Posted: Wed, 26 Apr 2006

[miningmx.com] -- STRIKING feature of a good set of March quarterly results from platinum junior Aquarius is the way in which the company is steadily building up an impressive cash war chest.

Aquarius started the March quarter with a cash balance of US$85m (about R510m) to which it has now added US$34,6m to bring the total to US$119m (about R714m) at the end of the quarter.

If the company turns in an operating performance during the current June quarter which matches or beats what it achieved during March then higher ruling prices for platinum group metals (pgm) will further boost revenues. End result could be further increases in cash-on-hand of between $50m and $70m.
The point is that Aquarius wants to expand
That could bring the total cash balance at end-June to between $170m (R1bn) and $190m (R1,1bn) which is a considerable amount for an operation the size of Aquarius. It immediately raises the question of what CEO Stuart Murray intends doing with the money.

Murray could not be reached for comment and neither could Perth-based company secretary Willie Boehm. In February this year, when Aquarius released its interim financial results, Murray said he was looking around to see if there were "any assets out there" of interest to his group.

Murray last year famously described Aquarius as being the "King Rat" in a situation where the SA platinum industry was made up of "three 600 pound gorillas" - in the shape of Anglo Platinum, Impala Platinum and Lonmin - and then "a whole lot of rats and mice scurrying around."

So, what can a platinum junior buy for R1,1bn assuming it decides the asset is worth it? Well, the current market cap of Eland Platinum is around R1,4bn which puts it in striking distance particularly as Aquarius could easily pitch for it offering shares plus some cash as a sweetener.

The point is that Aquarius wants to expand and it is now in an excellent position to do so with cash on hand and a proven operating track record. The March numbers show just how well the new Everest mine is shaping up.

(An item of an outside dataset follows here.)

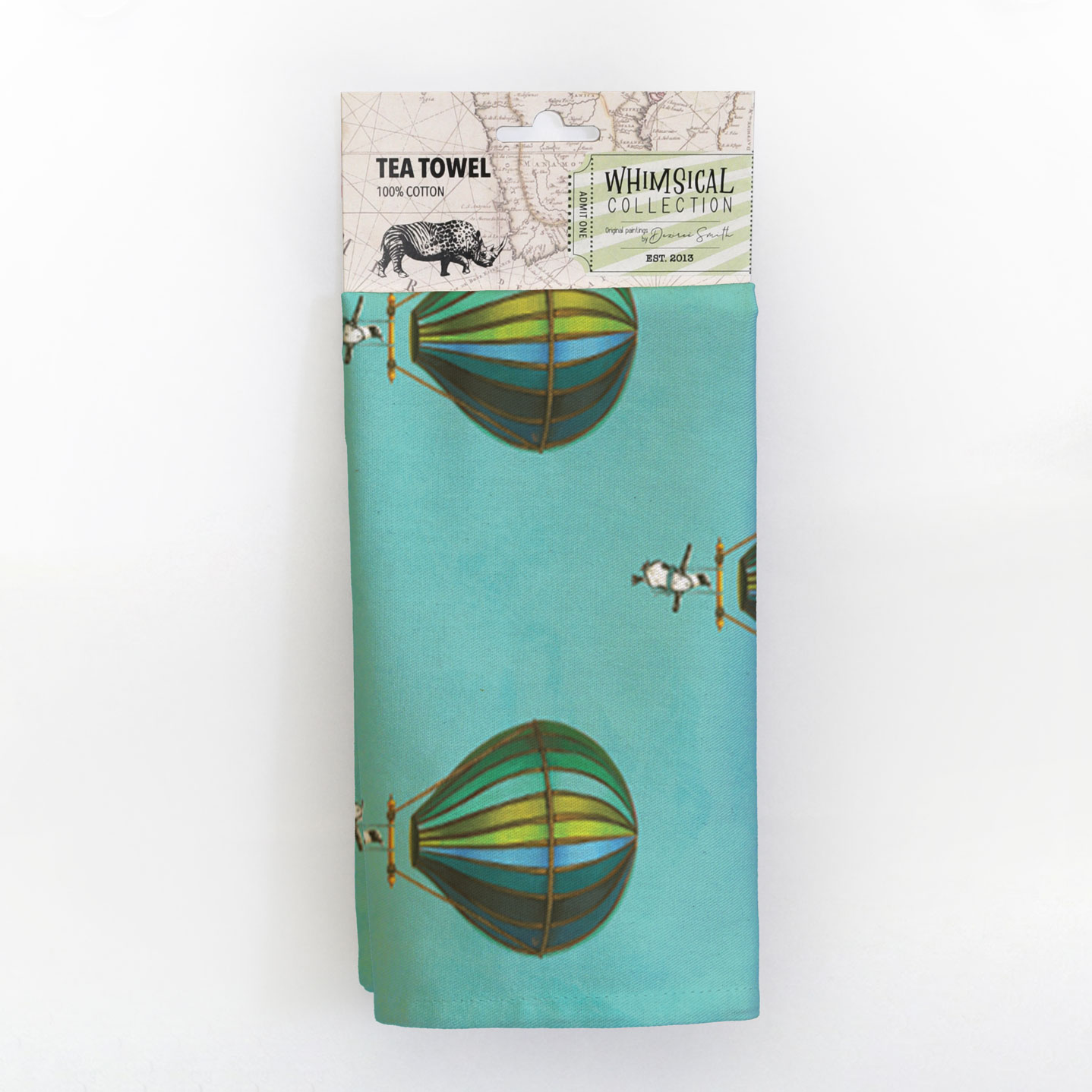100% Cotton tea towel featuring 'Blue Penguin in Flight' from the 'Wildlife in Flight' range by Whimsical Collection. The original painting was done in paint on paper by South African artist Dezireë Smith.

Everest is still in ramp-up mode with March being its first quarter at fully-operational status. During March, Everest produced 46,081 oz of pgm with concentrator recoveries running ahead of expectation at 65%. The mine reported a gross cash margin of 53%.
The company is steadily building up an impressive cash war chest
Those are excellent statistics compared with the ramp-up track records reported from the new operations started by both Anglo Platinum and Impala Platinum. Aquarius is also now forecasting that the Everest mine will be completed for a total cost of R707m against an original budget of R819m.

Compare that performance with the state of play at Anglo Platinum/ARM’s Modikwa mine. Modikwa is slightly larger than Everest and will produce 162,000oz of platinum annually when it hits full output compared with 135,000oz/year for Everest. But Modikwa’s capital cost will be at least double with the original estimate being R1,4bn. The mine has been in ramp-up mode for three years and is still not at full output. Modikwa’s cash margin for 2005 was a measly 9,7%.

It was not all plain sailing for Aquarius as the "problem child" Marikana mine continued to give trouble. In the December quarter Aquarius cancelled its agreement with contract miner Moolman Mining and replaced them with new contractor MCC. Moolman and Aquarius now have legal actions underway against each other.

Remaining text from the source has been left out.